■ **Description of the task**
Only these lines of the data below are wanted: the one with "3月04日 01:50 |", the one with "Als onderdeel van", and any lines between them, each repeated exactly.

Dataset entries:
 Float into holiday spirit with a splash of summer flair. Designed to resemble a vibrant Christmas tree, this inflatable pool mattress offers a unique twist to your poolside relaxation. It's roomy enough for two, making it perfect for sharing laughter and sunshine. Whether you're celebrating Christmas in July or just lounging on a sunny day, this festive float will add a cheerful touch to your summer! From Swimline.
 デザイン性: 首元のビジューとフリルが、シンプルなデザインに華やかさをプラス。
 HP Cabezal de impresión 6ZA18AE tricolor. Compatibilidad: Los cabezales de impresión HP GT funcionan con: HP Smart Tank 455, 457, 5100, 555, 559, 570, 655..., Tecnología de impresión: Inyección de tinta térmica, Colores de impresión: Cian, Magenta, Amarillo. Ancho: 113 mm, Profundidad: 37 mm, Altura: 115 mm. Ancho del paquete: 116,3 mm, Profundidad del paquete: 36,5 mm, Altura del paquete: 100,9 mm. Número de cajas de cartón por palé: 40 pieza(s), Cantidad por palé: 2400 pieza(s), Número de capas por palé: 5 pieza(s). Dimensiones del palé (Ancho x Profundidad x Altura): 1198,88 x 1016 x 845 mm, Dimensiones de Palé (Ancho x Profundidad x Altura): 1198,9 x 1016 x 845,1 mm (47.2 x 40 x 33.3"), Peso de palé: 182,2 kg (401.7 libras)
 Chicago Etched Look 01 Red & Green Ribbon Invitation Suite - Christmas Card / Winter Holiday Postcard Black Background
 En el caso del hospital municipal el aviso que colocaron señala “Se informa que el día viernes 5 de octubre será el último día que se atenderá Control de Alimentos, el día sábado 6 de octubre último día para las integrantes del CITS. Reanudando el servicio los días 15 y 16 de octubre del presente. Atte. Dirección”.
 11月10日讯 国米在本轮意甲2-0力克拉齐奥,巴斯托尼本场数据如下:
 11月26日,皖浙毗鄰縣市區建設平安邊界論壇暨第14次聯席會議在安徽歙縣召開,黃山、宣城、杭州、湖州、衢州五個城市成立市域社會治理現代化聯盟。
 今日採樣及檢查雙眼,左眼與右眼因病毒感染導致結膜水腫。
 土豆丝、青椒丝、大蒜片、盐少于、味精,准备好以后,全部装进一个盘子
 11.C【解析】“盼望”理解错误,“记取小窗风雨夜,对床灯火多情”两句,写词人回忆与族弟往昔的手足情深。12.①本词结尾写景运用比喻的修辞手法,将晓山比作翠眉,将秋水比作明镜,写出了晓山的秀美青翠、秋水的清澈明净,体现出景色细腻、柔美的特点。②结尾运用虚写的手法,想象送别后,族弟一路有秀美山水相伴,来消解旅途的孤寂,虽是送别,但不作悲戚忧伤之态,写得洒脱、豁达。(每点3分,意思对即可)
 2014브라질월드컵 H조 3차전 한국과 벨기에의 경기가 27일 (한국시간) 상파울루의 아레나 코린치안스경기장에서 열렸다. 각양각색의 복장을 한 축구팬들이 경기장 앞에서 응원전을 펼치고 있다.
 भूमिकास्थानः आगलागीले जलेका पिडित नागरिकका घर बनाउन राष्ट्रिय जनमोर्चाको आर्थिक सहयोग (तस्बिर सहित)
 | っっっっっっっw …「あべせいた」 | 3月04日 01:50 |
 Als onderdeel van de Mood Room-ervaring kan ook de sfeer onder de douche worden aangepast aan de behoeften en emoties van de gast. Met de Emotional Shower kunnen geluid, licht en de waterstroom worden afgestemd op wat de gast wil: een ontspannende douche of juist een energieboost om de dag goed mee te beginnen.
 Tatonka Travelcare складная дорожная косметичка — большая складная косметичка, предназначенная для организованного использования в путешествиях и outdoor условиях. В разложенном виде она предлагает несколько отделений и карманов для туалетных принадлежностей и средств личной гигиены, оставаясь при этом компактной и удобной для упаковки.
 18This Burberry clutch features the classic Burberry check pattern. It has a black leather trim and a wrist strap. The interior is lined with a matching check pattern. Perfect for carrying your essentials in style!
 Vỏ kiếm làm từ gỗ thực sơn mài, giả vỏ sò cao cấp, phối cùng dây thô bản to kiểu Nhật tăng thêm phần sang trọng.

■ **Reply to the exercise**
 | っっっっっっっw …「あべせいた」 | 3月04日 01:50 |
 Als onderdeel van de Mood Room-ervaring kan ook de sfeer onder de douche worden aangepast aan de behoeften en emoties van de gast. Met de Emotional Shower kunnen geluid, licht en de waterstroom worden afgestemd op wat de gast wil: een ontspannende douche of juist een energieboost om de dag goed mee te beginnen.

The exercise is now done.